On the ninth Day, we visited the Baradi Ashram, founded by Baba Lokenath, then paid visit to the Goaldi Mosque, which has stood the test of time, being witness to the time-lapse between these years. Dating back to the reign of Aurangzeb, this mosque, a specimen of beautiful Mughal architecture, is one of the few structures left in Sonargaon, from the sultanate period.
Then we had a chance to visit the Panam City, abandoned in the fifties by the Rich Merchants when the riots broke out in the area. From Neo Gothic to Art Nouveau, almost all the western architectural designs have been deployed in these abandoned vestiges. This is a must visit.
One of these buildings were later renovated & converted into a Museum, which later became the campus of the Sonargaon Museum. The collection displayed at the Museum amazed us all!
The next day, I visited Dhakeshwari Temple, commonly known as the “national temple of Bangladesh”. Along with the structural facts, I came across an interesting mythological legend. It is believed that the gem of Sati’s crown fell in this place. Thus, this temple is also a major pilgrimage for Hindus.
On the banks of Buriganga river, Ahsan Manzil Palace was the official residence and working palace of the Nawab of Dhaka. The perfection to which this Indo-Saracenic Revival architecture is built is brilliant! The intricate details and the artistic genius are unbelievable! I really regretted not visiting Bangladesh all this while! Currently, this palace works as the national museum.
The Curzon Hall of Dhaka University is a Historic Place in time and space!

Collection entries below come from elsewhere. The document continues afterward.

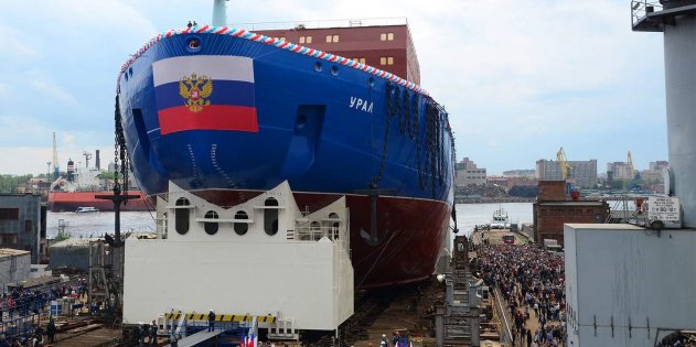 В Санкт-Петербурге праздник! 25 мая 2019 года со стапелей Балтийского завода сошёл атомный ледокол «Урал» — один из самых больших в мире. Это уже третий ледокол серии ЛК-60Я: до «Урала» спустили на воду «Арктику» и «Сибирь». Так зачем России нужно столько ледоколов? Два в одном Сейчас в России используются ледоколы типов «Арктика» и «Таймыр», разработанные и построенные еще в Советском Союзе. Почему два типа? «Арктика» предназначен для большой воды; его работа — пробивать Северный морской путь и добираться до Северного полюса. «Таймыр» обладает меньшей осадкой, что позволяет работать в устьях сибирских рек. Сейчас же оба эти типа постепенно заменят одним — ЛК-60Я. Как? Всё дело в специальных балластных цистернах — по мере заполнения их водой ледокол может изменять свою осадку на два с лишним метра, с 8,55 метра до 10,5. С наименьшей осадкой — спокойно работать на реках, с наибольшей — добро пожаловать в океан. Такой вариант будет гораздо выгоднее: это удобнее и дешевле, чем проектировать и создавать два разных типа. Ледоколам быть А зачем России вообще нужны ледоколы? Странный вопрос для страны, у которой самая протяжённая часть морской границы ежегодно сковывается льдом. Практически никакая серьёзная и постоянная работа по освоению Арктики (как с научной, так и с военной точки зрения) невозможна без ледоколов. К тому же пробиваемый российским газом в Китай Северный морской путь в будущем может стать удобной и проторенной дорогой, которая позволит быстро перебрасывать большие объемы топлива от места добычи до конечного пользователя. Ледоколы — это та самая инфраструктура, что способна развивать российскую экономику почти в прямом смысле. Отрадно, что в ледокольном флоте, особенно после начала работы ЛК-60Я, с Россией практически никто в мире не сможет сравниться. Тем более, что планируемый срок работы новых судов заявлен минимум в сорок лет (320 тысяч часов работы) — и может быть значительно продлён. Поэтому постройка серии из пяти ЛК-60Я закроет для нас вопрос прохода сквозь льды на много лет вперед. Пара слов об «Урале» В отличие от предыдущих судов, «Урал» спускали на воду со значительным количеством надстроек. В таком виде ледокол выглядит ещё более внушительно. Его высота — 52 метра, что сравнимо с высотой девятнадцатиэтажного дома. Длина — 173 метра, это практически размер линейного военного корабля прошлого века (к примеру, линкор «Колорадо» — 190 метров в длину). Чтобы двигать такую махину и проламывать льды, ледокол оснастили атомной двигательной установкой. В её составе — два водо-водяных реактора РИТМ-200, выдающих 175 мегаватт тепловой мощности. Благодаря реакторам «Урал» способен идти на рабочем ходу в 1,5-2 узла сквозь сплошной паковый лёд толщиной 2,9 метра. Лёд бoльшей толщины придётся уже проламывать в несколько итераций, но встречается он не так часто. Как спускают ледоколы Как можно увидеть на фото, на стапелях ледокол удерживает серый металлический задержник приличной толщины. Процесс происходит следующим образом. Сначала крёстная мать (для «Урала» ею стала председатель Центробанка РФ Эльвира Набиуллина) разбивает о борт корабля бутылку крымского шампанского. Затем перерезают ленту, а батюшка освящает судно. Лишь после этого подаётся команда на проверку акватории Невы — свободна ли она. И, если всё в порядке, начинается п
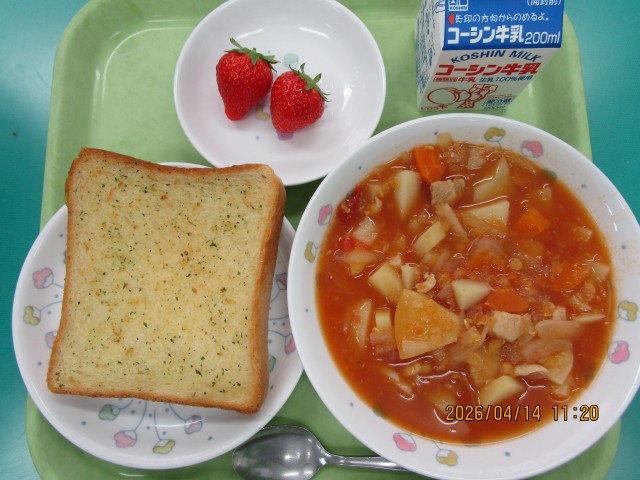 4月14日 公開日 2026/04/22 更新日 2026/04/22 給食 【献立】 牛乳 ガーリックトースト レンズ豆のスープ くだもの 【産地】 にんにく・・・・青森 玉ねぎ・・・・・佐賀 にんじん・・・・徳島 じゃがいも・・・鹿児島 いちご・・・・・茨城
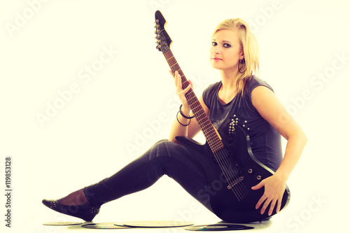 Woman with electrical guitar and vinyl record.
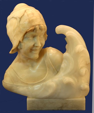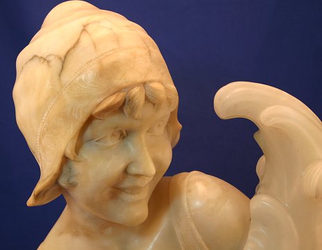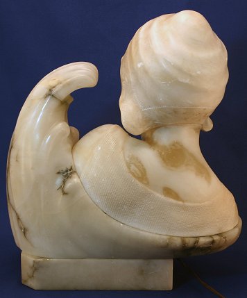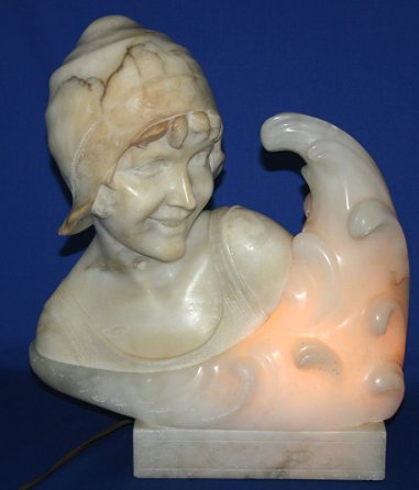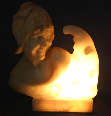 ART NOUVEAU CARVED ALABASTER LAMP: 16'' h X 14''. Made in Italy.
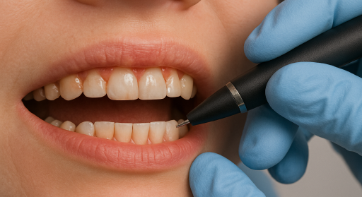 The laser is used to precisely target bacteria and inflamed tissue within gum pockets—without harming healthy gums. This kills harmful bacteria and sterilizes the area.
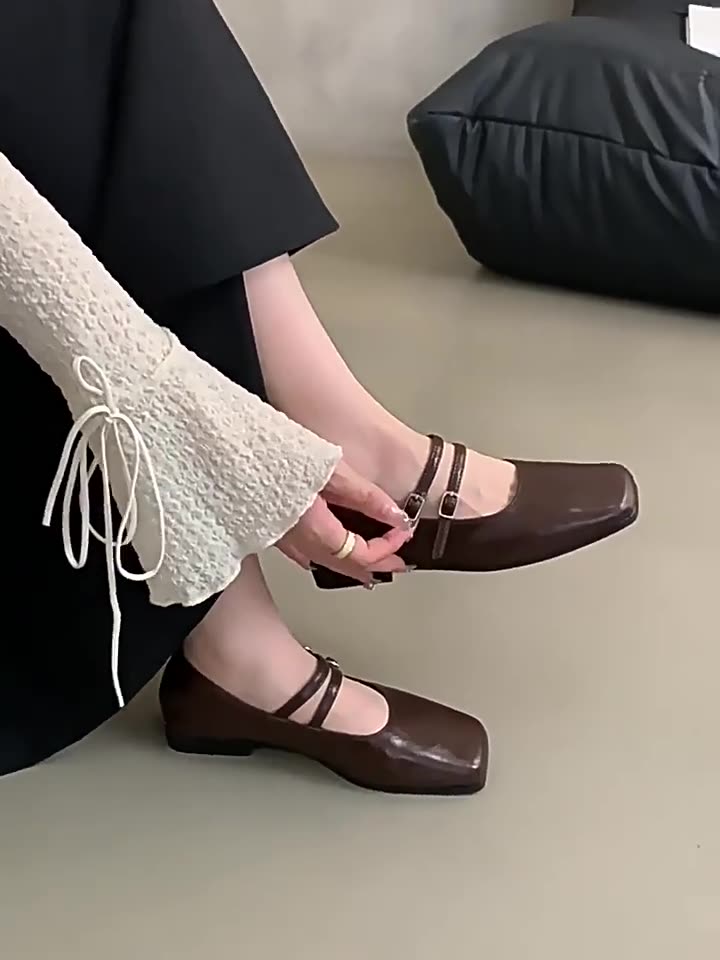 Churchf Style Dress, Shallow Mouth, Vintage Leather Shoes, Women's 2024 New Spring And Autumn Flat-Soled Mary Jane Shoes-Outfit Ideas
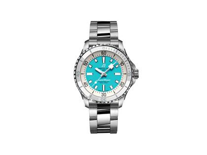 Automatik, Kaliber 17, Edelstahl, Durchmesser 36 mm, türkises (turquoise) Zifferblatt, Drehlünette mit weißer Keramikeinlage, Edelstahlband mit Faltschließe, entspiegeltes Saphirglas, 30 bar wasserdicht
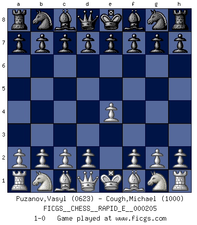 Last move : 1-0 2018 May 11 23:12:11 [Event "FICGS__CHESS__RAPID_E__000205"] [Site "FICGS"] [Date "2018.03.13"] [Round "1"] [White "Puzanov,Vasyl"] [Black "Cough,Michael"] [Result "1-0"] [WhiteElo "0623"] [BlackElo "1000"] 1.e4 1-0 This chess game has been lost on time (started : 2018.03.13 14:48:43) King's pawn Opening Player White won this chess game. Follow this game move after move (download)Chess is a terrific way for kids to build self image and self esteem. (Saudin Robovic) Spielt Blackmar-Diemer-Gambit, und das Matt kommt von selbst! (Emil Joseph Diemer) El jugador blanco perdió porque fallo en recordar la coreccta continuación y tuvo que pensar por sí mismo las movidas. (Siegbert Tarrasch) Demandez au pauvre Cg1 ce qu'il en pense. Eduard Gufeld à propos de la variante Saemisch de l'Est-Indienne. The smarter you play, the luckier you'll be. (Mark Pilarski)
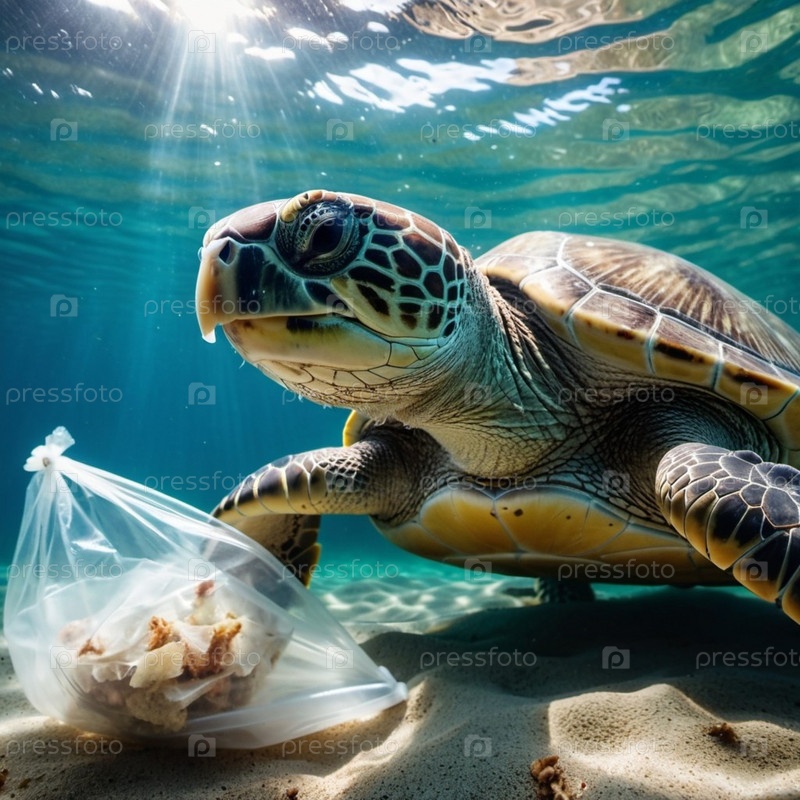 Морская черепаха поймана в пластиковый пакет на песчаном пляже около океана. Ее тело лежит на песке. Изображение подчеркивает опасность пластикового загрязнения океана и необходимость защиты окружающей среды. Создано с помощью ИИ
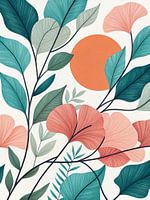 Betoverende Botanische Sereniteit bij Zonsondergang: Een levendige abstracte natuurstudie met weelderige groenbladeren en zachte roze bloemblaadjes van Artistic
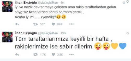 Fenerbahçe Asbaşkanı İlhan Ekşioğlu maç sonrasında twitter adresinden ilginç bir mesaj paylaştı.
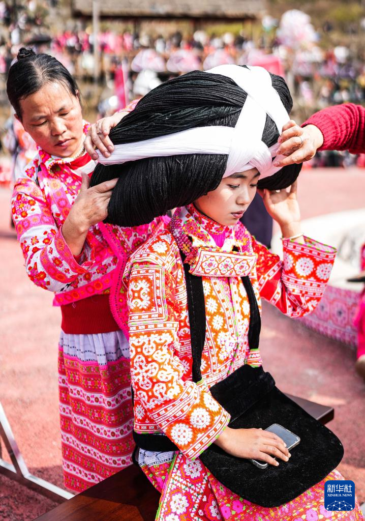 2月26日,在贵州省六盘水市六枝特区梭戛苗族彝族回族乡高兴村跳花场,苗族姑娘在整理头饰。新华社记者 陶亮 摄
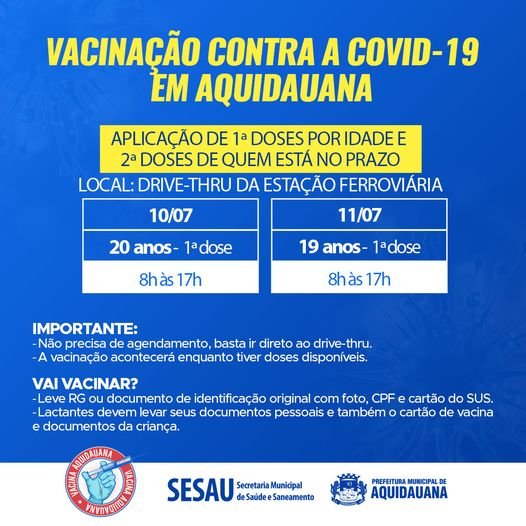 Devido a baixa procura dos jovens a partir de 21 anos para se vacinarem contra a Covid-19 e para não ficar com as doses de vacina paradas, a Secretaria Municipal de Saúde e Saneamento de Aquidauana informa que reduziu a idade de vacinação novamente já para este sábado e domingo, (10) e (11).
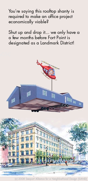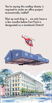 At that time , the BRA informed the Fort Point community that by approving a variance for a rooftop addition, the residential project would be viable in a strong office market. Lincoln Property's rooftop addition will be visible along the entire length of Summer Street, from the Summer Street bridge to the Convention Center and beyond.
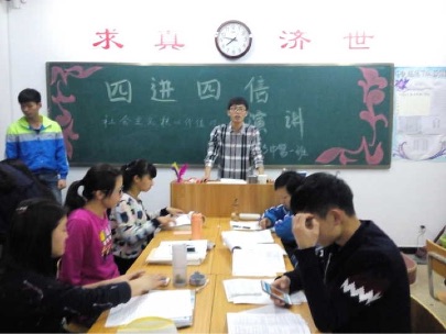 2016年4月26日,晚七点半,15级中医1班全体同学于医学楼201教室举办“四进四信”为主题的团日活动,本次活动由程浩航同学主持。
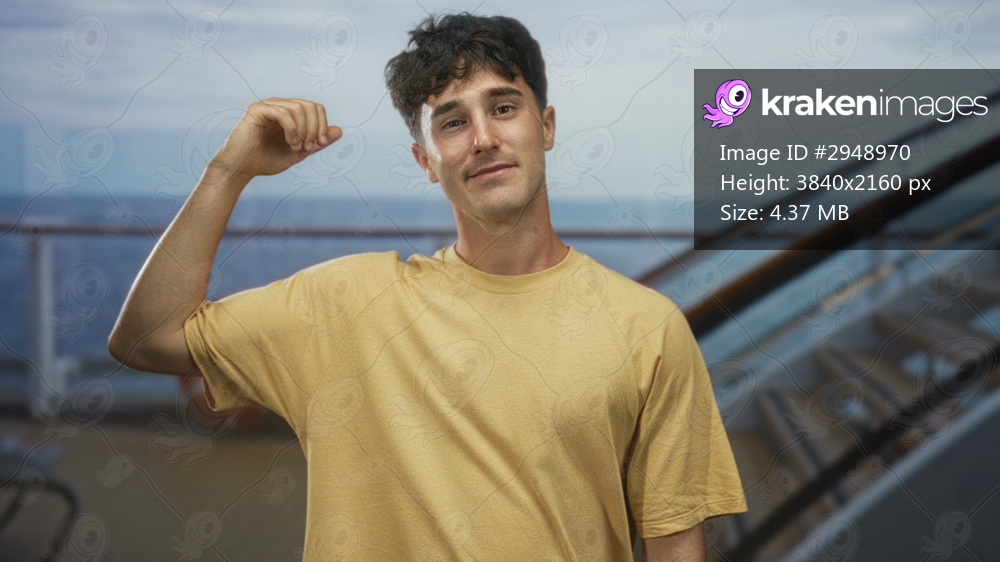 Man smiling and looking to the side on cruise deck with lifebuoy and stair railing visible, face in frame; calm vacation.
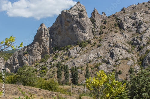 © Yuri Bizgaimer, Obraz premium Mountain forest landscape under evening sky
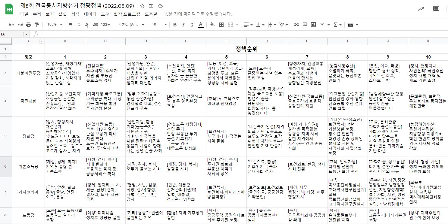 ▶제8회 전국동시지방선거 정당정책 (2022.05.09) 시트로 보기

The process of second Partition of Bangladesh began here in 1948 when Pakistan declared Urdu as the National Language of Pakistan and the Bengali Students here in the Curzon Hall openly challenged the statecraft by protesting it.
On the eleventh day, post breakfast, we bid farewell to all the crew members who took such great care of us, with memories that we would cherish for all our lives.